USB Rotary Dial
USB Rotary Dial
This hardware project equips a rotary dial from an old telephone with a neat little USB port :). It then can be used as USB keyboard for typing numbers.
Easy: Just plug it in, it works without any specialized driver.
How a rotary dial works
I hope you still know how to use a rotary dial ;). By sticking your finger into one of the numbered holes and dragging it to the stopper, a couple of things happen:
First, as soon as you put the dial out of its idle position, the A switch is closed.
While dragging, you will hear some gentle clicks (among the clickety-click of the freewheel of the tempo limiter D). For each click, the pulse wheel C will generate a pulse later.
When you now release the dial, it is pulled back into idle position. Now, the freewheel attaches the dial to the tempo limiter D, which regulates the pulse speed. Simultaneously, the pulse wheel C rotates by 180 deg, as often as the digit you have dialed. With each half rotation, it releases the switch B for some time, converting the dialed number into electrical pulses.
Finally, the switch A is opened again to signalize that no more pulses will follow.
The hardware is fully built upon the USB AVR Lab by Christian Ulrich. This is a tiny board featuring an ATmega8 AVR, which speaks USB using the V-USB library, plus a 10-pin header which allows one to connect to some of the AVR port pins.
I have soldered the rotary dial's cables to a 2x2 pin female header (2.54mm / 100mil raster), so they plug into the left side of the AVR USB Lab's pin header.
The connections are foolproof, meaning that you cannot do any harm by plugging the connector onto the wrong pins, or by rotating it by 90 degrees; it will simply not work:
- If it's not plugged onto the right pins, the LED is red.
- If it's rotated by 90 degrees, the LED is red, too.
- If it's rotated by 180 degrees, the LED is orange (red+green).
- And if you did it correctly, the LED is off.
The firmware utilizes V-USB in order to show up as USB-HID (human interface device) keyboard to the computer side. In its main loop, it polls the rotary dial's switch states, debounces and interprets them. When the dial returns into idle state, the appropriate key press is simulated.
For debugging, the multicolor LED shines green whenever the dial is not in idle position; it flashes orange for each detected pulse.
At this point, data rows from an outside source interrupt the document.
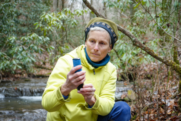 Mimi Kibler takes a stream water measurement at Dry Run on Sugarlands Rd. near Hambleton, West Virginia. In June 2022…
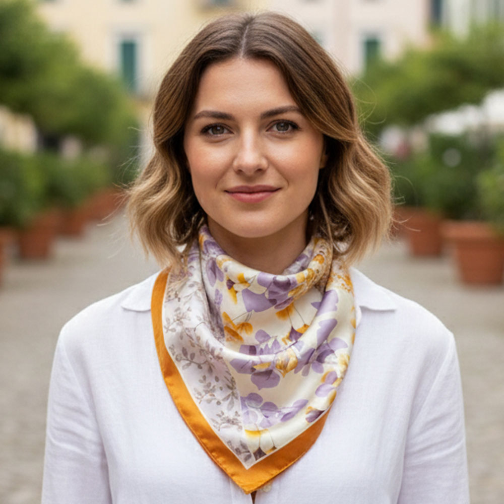 • Elevate everyday style with this floral patchwork square scarf featuring a blend of botanical patterns and delicate garden-inspired motifs. Soft and lightweight, it’s ideal for wearing around the neck, in hair, or tied to a bag. A versatile accessory that adds charm, pattern, and sophistication to casual outfits, workwear, and travel looks.
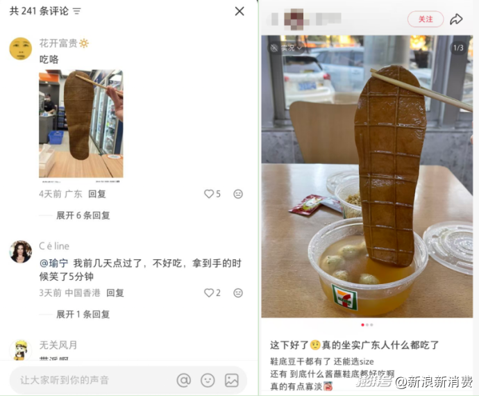 有網(wǎng)友跟風購買該款豆干“以身試鞋底”,表示“吃了,味道有點寡淡”。更多人則是觀望并表示驚訝“反正我下不去口”“萬一混進去個真的咋辦?”;還有網(wǎng)友調(diào)侃稱“這下可坐實了‘廣東人什么都吃’的傳言”。
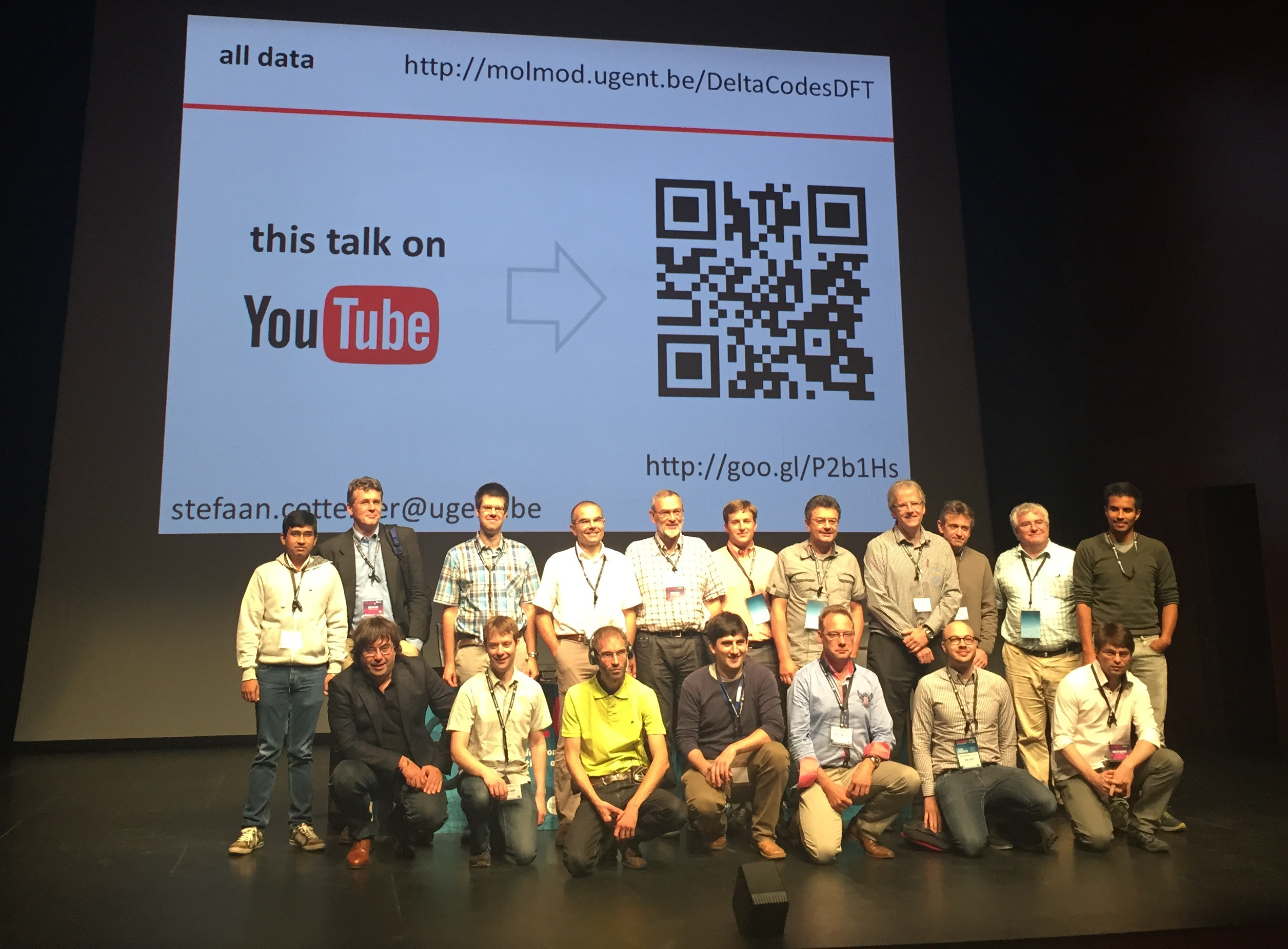 At the Psi-k 2015 meeting, the main results of the Δ-project were presented, and 18 of the many collaborators met on stage. See the video (left) for a 15-minute summary about the interpretation of the data set on this page. The group picture (right) shows from left to right: (front row) Nicola Marzari, Phil Hasnip, Stefaan Cottenier, Andris Gulans, Michiel van Setten, Sven Lubeck, Kay Dewhurst; (back row) Santanu Saha, François Gygi, Kurt Lejaeghere, Gian-Marco Rignanese, Peter Blaha, Kevin Garrity, Marc Torrent, Matt Probert, Gustav Bihlmayer, Keith Refson, José Flores-Livas.
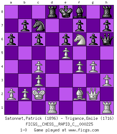 Last move : 1-0 2019 December 19 9:29:43 [Event "FICGS__CHESS__RAPID_C__000225"] [Site "FICGS"] [Date "2019.10.30"] [Round "1"] [White "Satonnet,Patrick"] [Black "Trigance,Emile"] [Result "1-0"] [WhiteElo "1896"] [BlackElo "1716"] 1.e4 c5 2.f4 g6 3.Nf3 Bg7 4.Nc3 Nc6 5.Bb5 a6 6.Bxc6 dxc6 7.d3 Bg4 8.h3 Bxf3 9.Qxf3 e6 10.e5 Ne7 11.Ne4 Nf5 12.g4 Nd4 13.Qg2 Qh4+ 14.Kd1 Qe7 15.c3 Nb5 16.Be3 c4 17.dxc4 Rd8+ 18.Kc2 Nc7 19.Bc5 Qh4 20.Rad1 Bf8 21.Bf2 Qh6 22.Nf6+ 1-0 Sicilian : Grand Prix attack Player White won this chess game. Follow this game move after move (download)If Chess is a science, it's a most inexact one. If Chess is an art, it is too exacting to be seen as one. If Chess is a sport, it's too esoteric. If Chess is a game, it's too demanding to be just a game. If Chess is a mistress, she's a demanding one. If Chess is a passion, it's a rewarding one. If Chess is life, it's a sad one. (Unknown) Man wirke der falschen Auffassung entgegen, als ob jeder Zug Unmittelbares zu leisten habe; auch Werte- und Ruhezüge haben ihre Existenzberechtigung. (Aaron Nimzowitsch) El jugador táctico debe saber que hacer cuando algo se debe de hacer. El estratégico debe saber que hacer cuando nada se debe de hacer. (Savielly Tartakover) Aidez vos pièces, elles vous aideront. (Paul Morphy) I've never seen so many men wasted so badly. (Blondie in The Good, The Bad and The Ugly)
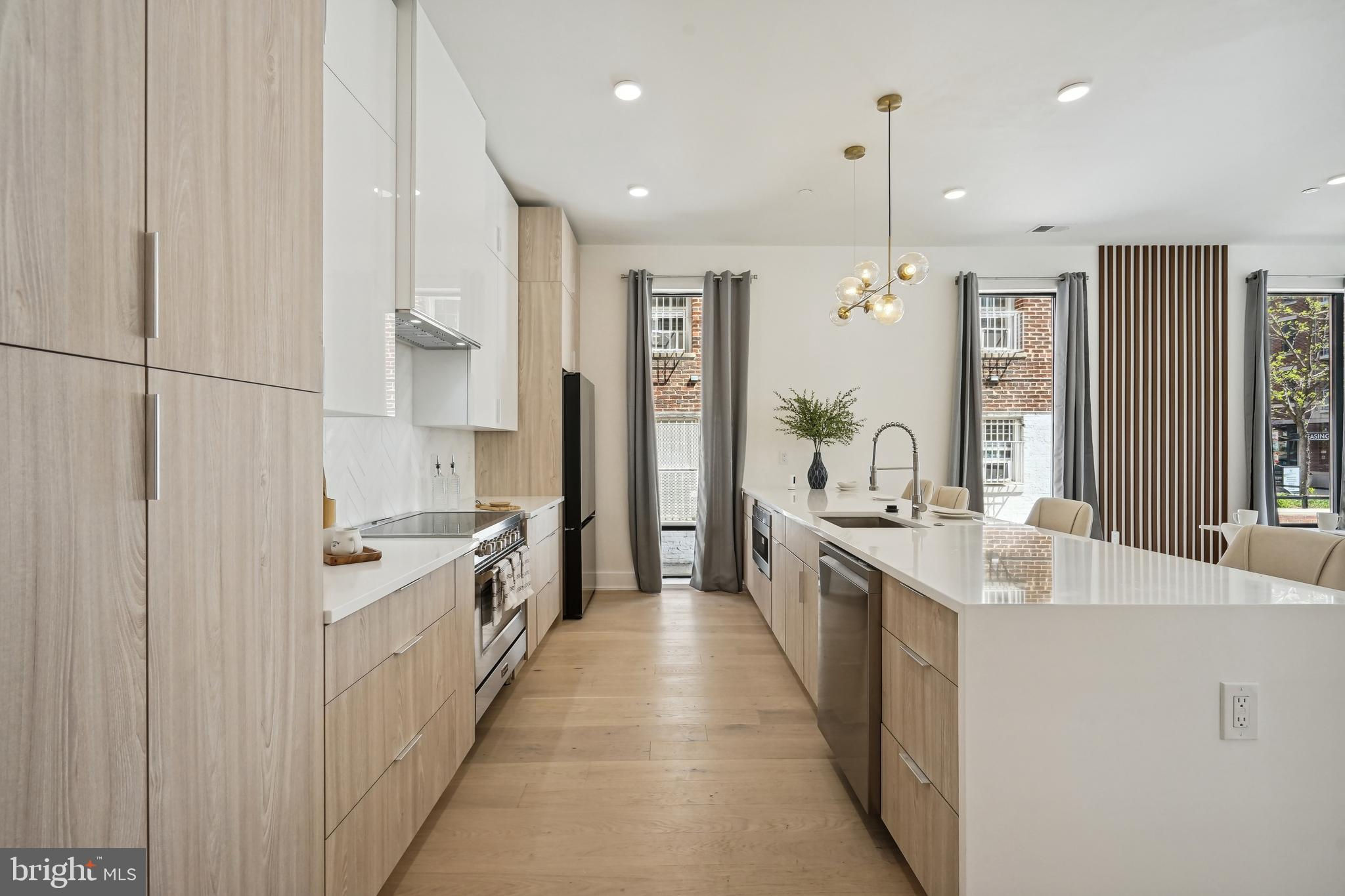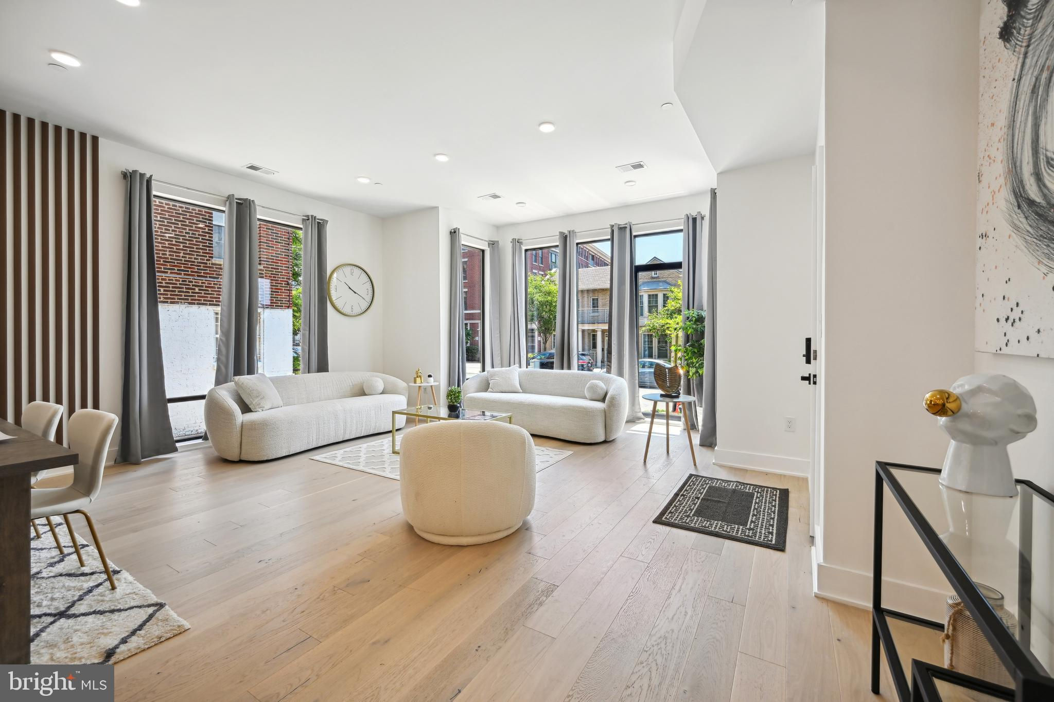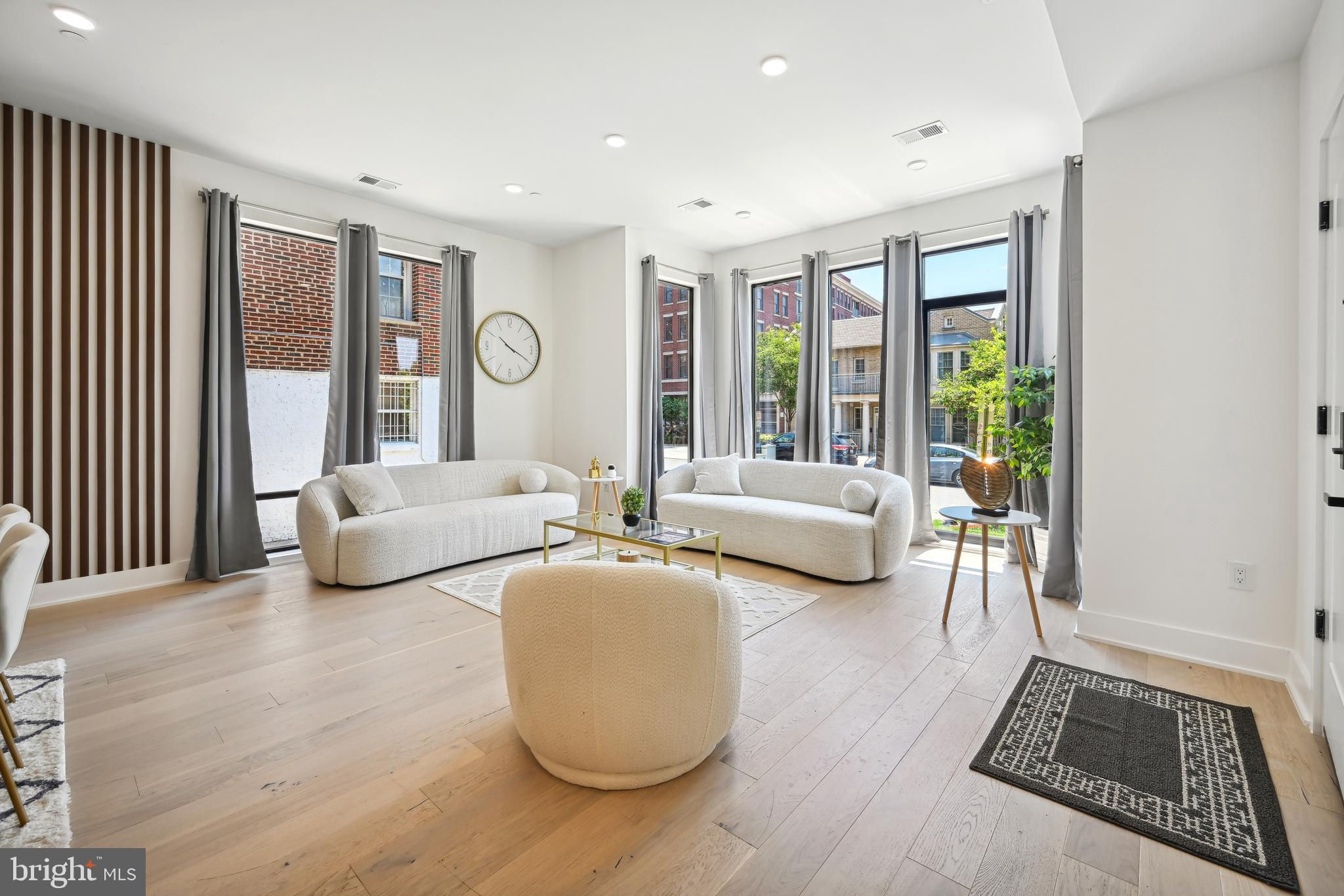 Experience the pinnacle of modern living in the heart of Columbia Heights at 903 Quincy St NW Condominium. a four-bedroom, three and a half-bathroom residence with parking that exudes contemporary sophistication. 25’ feet wide brand-new construction home boasts a spacious, open-concept layout that seamlessly connects the living, dining, and kitchen areas, flooding the space with natural light and two private balconies. The designer kitchen features a unique combination of white and natural wood cabinetry, white quartz countertops, and a stunning waterfall island that doubles as a gathering space. Modern pendant lighting adds a touch of sophistication to the design, while stainless steel appliances complete this culinary haven. All bedrooms in this residence are generously sized, providing ample space for relaxation and rest, and the modern bathrooms offer an elegant yet functional space. Step outside to discover your private back patio—a serene oasis perfect for outdoor dining, gardening, or simply unwinding after a long day. Convenience is key with 2 spots of off-street private parking. Located in the vibrant Columbia Heights neighborhood, you'll have easy access to a wide array of nearby restaurants, the metro, grocery store such as Safeway, and all the amenities that make city living a breeze. Schedule your private tour today and experience the best of city living in style and comfort.
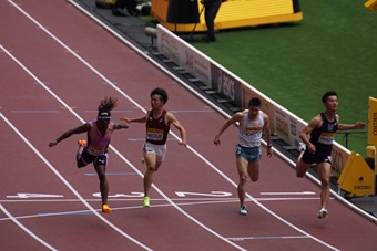 予選はギリギリの5番目で通過。「最初のところだけ絶対外さないようにとスタートラインに立ちました」と栁田。今季は4月の日本学生陸上競技個人選手権大会で10秒09。5月の関東学生陸上競技対校選手権大会(関東インカレ)では追い風参考記録(4.5m)ながら9秒95をマークしていた。
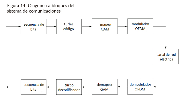 Dados los problemas de calidad de la transmisión en los canales PLC del tipo indoor modelo 1, que consisten principalmente en su característica de multitrayectoria, y de los diferentes tipos de ruido descritos: coloredo, de banda estrecha, e impulsivo, por otro lado, considerando la alta capacidad de corrección de los códigos turbo y la fuerte robustez respecto al ruido del canal de la multiplexación OFDM, en este trabajo se ha estudiado el desempeño de esos codificadores en estos canales, haciendo variar sus propiedades de codificación principalmente en función de las propiedades de los entrelazadores, que son partes constitutivas importantes de los turbo códigos; en la tabla 3 se proporcionan los valores de los principales parámetros utilizados en las pruebas simuladas en computadora (Chan y Donaldson, 1989). Efectivamente, en estudios recientes (Rosnes, 2012) se ha mostrado que las propiedades de aleatoriedad y de dispersión logradas con los entrelazadores juegan un papel muy importante en el desempeño global de los turbo códigos, incluyendo el caso práctico de una transmisión con tramas de datos relativamente cortas, es decir, de unas cuantas centenas de bits. En consecuencia, en este trabajo se lleva a cabo un estudio de análisis, clasificación y comparación con estudios previos del desempeño de los turbo códigos en este tipo de canales PLC, dando importancia a los entrelazadores utilizados, considerando también entre ellos los más promisorios, es decir, aquellos denominados HSR (High Spread Random), los cuales se explican con más detalle en esta misma sección. En la figura 14 se puede ver el diagrama general en bloques del sistema de comunicaciones utilizado en las simulaciones en computadora.
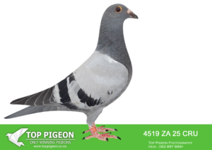 LOT 17 BANIE DEETLEFS -4522 ZA 25 CRU -SIRE:3108117 BE 24. SIRE IS 519 – S0LD FOR R101,500.00 SISTER BRED 8X SANPO MEDAL WINNER SISTER ABL -20 167 (SOLD FOR R338 000.00 ON TOPPIGEON)- BRED 14 WINNERS SISTER ABL -20 168 (SOLD FOR R242 000.00 ON TOPPIGEON) – BRED 7 WINNERS SISTER ABL -21 520 (SOLD FOR R75 000.00 ON TOPPIGEON)- BRED WINNERS.———-DAM:906 J&B 24 Colour: RC. SIRE IS 574 – SOLD FOR R36,500.00 FATHER 21-1685 – FULL BROTHER OF “TURBO KITTEL” 1685 – 5 BROTHERS & 1 SISTER – WINNERS.SEE PEDIGREE!!!
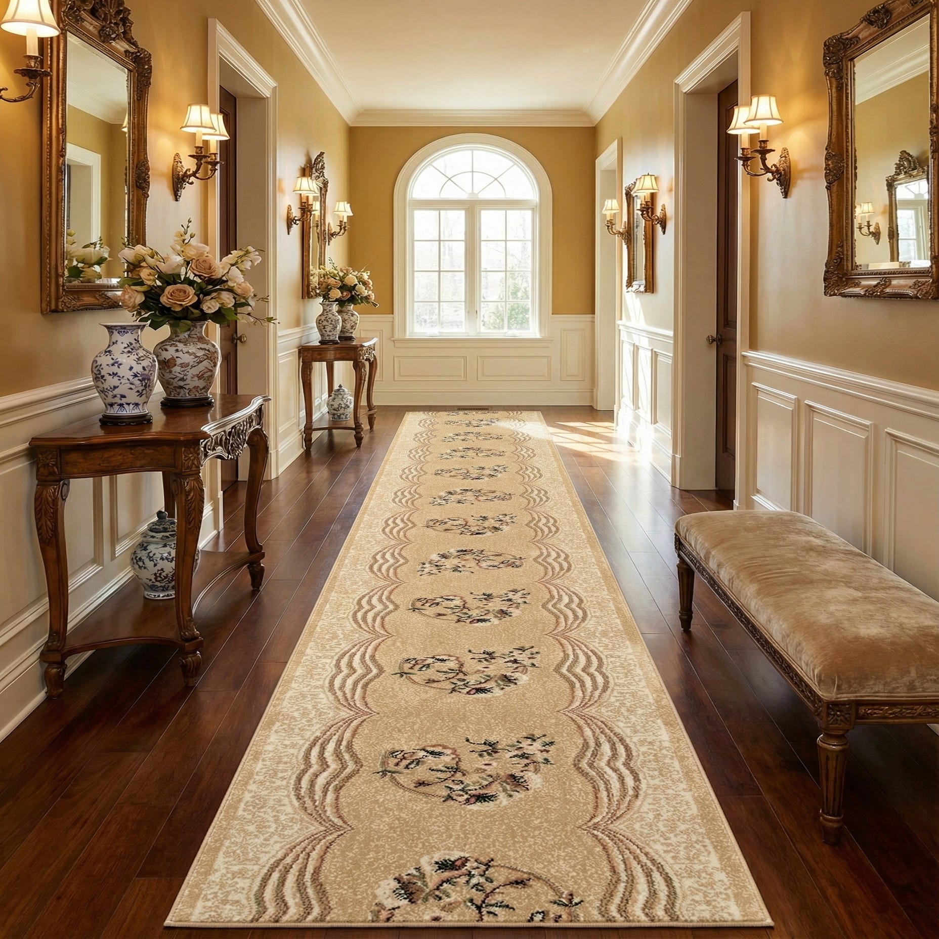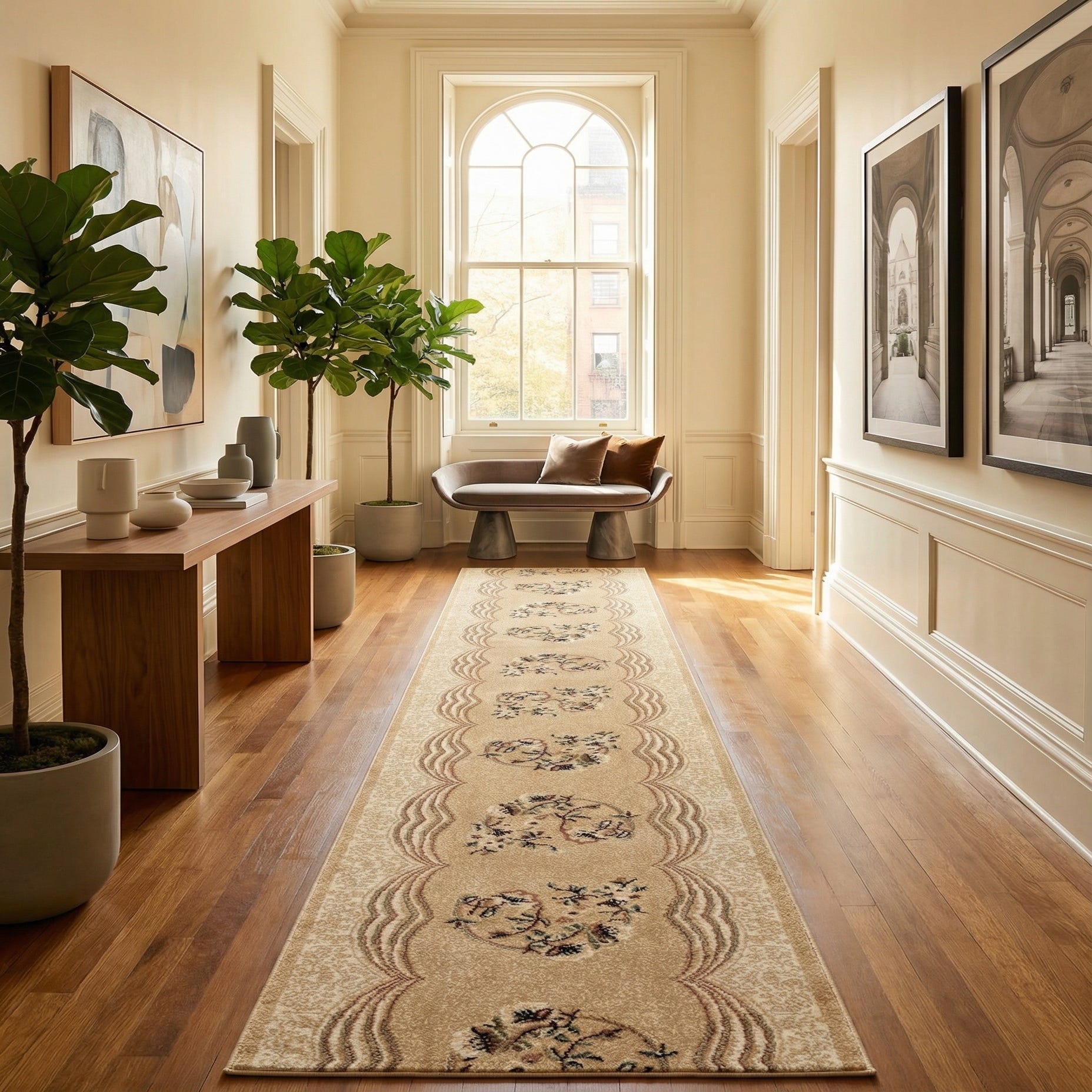 A rectangular Shahmir Palace runner rug in ivory and cream with a traditional oriental floral pattern and decorative border.
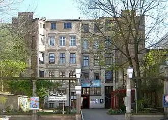 Fritz Bühler (1862–1929) and his wife Clara Bühler (1886–1971)[2]: 316 opened "Bühler's Ballhaus" on September 13, 1913, in the rear building of Auguststrasse 24/25. The house was built around 1895 with two halls: the dance hall on the ground floor and the mirror hall on the upper floor.[2]: 84 After Fritz Bühler's death, Clara initially continued to run the dance hall, by now known as "Clärchens Ballhaus", on her own. In 1932, she married Arthur Habermann (1885-1967), who supported her in her work.[2]: 134 The front building was destroyed in World War II,[3] but operations resumed after the end of the war. Clärchens Ballhaus would remain a private company over the coming GDR era.[2]: 184

The blue LED flashes while a key press is sent to the computer.
Flashing the firmware onto the AVR USB Lab
The AVR USB Lab is equipped with a bootloader and comes with a tool to upload new firmwares to the chip over USB. This is done using the AVR USB Lab tool.
Once the rotary dial firmware is flashed, you cannot put the board into download mode using the tool's button; instead, download mode is entered by generating at least 17 pulses. This can be accomplished by dialing a zero, and before the wheel re-enters the idle state, drag it back to zero again. Download mode is signalized by the LED shining orange.
The Rotary-Dial-to-USB-Interface expects a rotary dial to be attached against PB4/5. When you look at the front of the connector:
____ ____ | 9 7 . . . | Attach the two cables for the idle switch at 9 and 0. | 0 8 . . . | Attach the two cables for the dial pulse switch at 7 and 8. ----------- (0 and 8 are routed to GND, 9 and 7 to PB4 and PB5.)